From: Yonghong Song <yhs@fb.com>
To: Andrii Nakryiko <andrii.nakryiko@gmail.com>
Cc: Alexei Starovoitov <alexei.starovoitov@gmail.com>,
	Brendan Jackman <jackmanb@google.com>, bpf <bpf@vger.kernel.org>,
	Alexei Starovoitov <ast@kernel.org>,
	Daniel Borkmann <daniel@iogearbox.net>,
	KP Singh <kpsingh@chromium.org>,
	Florent Revest <revest@chromium.org>,
	open list <linux-kernel@vger.kernel.org>,
	Jann Horn <jannh@google.com>
Subject: Re: [PATCH v2 bpf-next 00/13] Atomics for eBPF
Date: Wed, 2 Dec 2020 00:03:15 -0800	[thread overview]
Message-ID: <d423d325-b861-1954-a3ea-cd7b63aa02fc@fb.com> (raw)

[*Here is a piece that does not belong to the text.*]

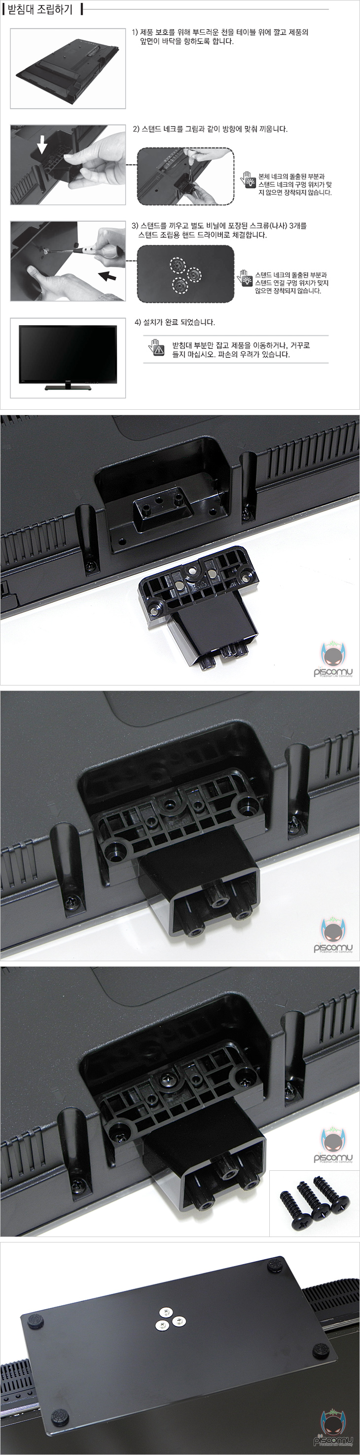 내부 포장 역시 비닐 포장과 함께 충격 방지를 위한 모서리 우레탄 폼 적용으로 처리가 되어 있으며, 스탠드를 제외한 부속품은 분실이 되지 않게 비닐 동봉 처리 되어 있습니다. 스탠드를 강화유리 재질이며, 모서리 부근에는 받침으로 고무 받침대를 적용했습니다. 부속품은 스탠드 네크, 스크류, 공구 드라이버, 동축 케이블, 리모컨 및 건전지가 제공됩니다.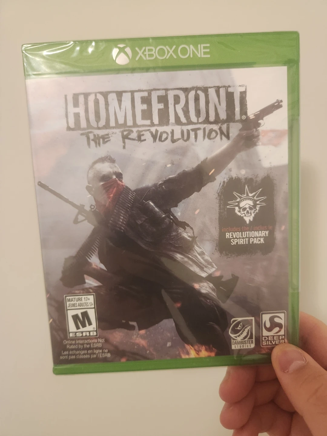 Homefront: The Revolution for Xbox One. Includes the Revolutionary Spirit Pack. It's rated M for Mature 17+ by ESRB. Online interactions are not rated by the ESRB.

In-Reply-To: <31a67edd-4837-cfd3-c9fe-a6942ebd87bb@fb.com>

On 12/1/20 9:05 PM, Yonghong Song wrote:
> 
> 
> On 12/1/20 6:00 PM, Andrii Nakryiko wrote:
>> On Mon, Nov 30, 2020 at 7:51 PM Yonghong Song <yhs@fb.com> wrote:
>>>
>>>
>>>
>>> On 11/30/20 9:22 AM, Yonghong Song wrote:
>>>>
>>>>
>>>> On 11/28/20 5:40 PM, Alexei Starovoitov wrote:
>>>>> On Fri, Nov 27, 2020 at 09:53:05PM -0800, Yonghong Song wrote:
>>>>>>
>>>>>>
>>>>>> On 11/27/20 9:57 AM, Brendan Jackman wrote:
>>>>>>> Status of the patches
>>>>>>> =====================
>>>>>>>
>>>>>>> Thanks for the reviews! Differences from v1->v2 [1]:
>>>>>>>
>>>>>>> * Fixed mistakes in the netronome driver
>>>>>>>
>>>>>>> * Addd sub, add, or, xor operations
>>>>>>>
>>>>>>> * The above led to some refactors to keep things readable. (Maybe I
>>>>>>>      should have just waited until I'd implemented these before 
>>>>>>> starting
>>>>>>>      the review...)
>>>>>>>
>>>>>>> * Replaced BPF_[CMP]SET | BPF_FETCH with just BPF_[CMP]XCHG, which
>>>>>>>      include the BPF_FETCH flag
>>>>>>>
>>>>>>> * Added a bit of documentation. Suggestions welcome for more places
>>>>>>>      to dump this info...
>>>>>>>
>>>>>>> The prog_test that's added depends on Clang/LLVM features added by
>>>>>>> Yonghong in
>>>>>>> https://reviews.llvm.org/D72184 
>>>>>>>
>>>>>>> This only includes a JIT implementation for x86_64 - I don't plan to
>>>>>>> implement JIT support myself for other architectures.
>>>>>>>
>>>>>>> Operations
>>>>>>> ==========
>>>>>>>
>>>>>>> This patchset adds atomic operations to the eBPF instruction set. 
>>>>>>> The
>>>>>>> use-case that motivated this work was a trivial and efficient way to
>>>>>>> generate globally-unique cookies in BPF progs, but I think it's
>>>>>>> obvious that these features are pretty widely applicable.  The
>>>>>>> instructions that are added here can be summarised with this list of
>>>>>>> kernel operations:
>>>>>>>
>>>>>>> * atomic[64]_[fetch_]add
>>>>>>> * atomic[64]_[fetch_]sub
>>>>>>> * atomic[64]_[fetch_]and
>>>>>>> * atomic[64]_[fetch_]or
>>>>>>
>>>>>> * atomic[64]_[fetch_]xor
>>>>>>
>>>>>>> * atomic[64]_xchg
>>>>>>> * atomic[64]_cmpxchg
>>>>>>
>>>>>> Thanks. Overall looks good to me but I did not check carefully
>>>>>> on jit part as I am not an expert in x64 assembly...
>>>>>>
>>>>>> This patch also introduced atomic[64]_{sub,and,or,xor}, similar to
>>>>>> xadd. I am not sure whether it is necessary. For one thing,
>>>>>> users can just use atomic[64]_fetch_{sub,and,or,xor} to ignore
>>>>>> return value and they will achieve the same result, right?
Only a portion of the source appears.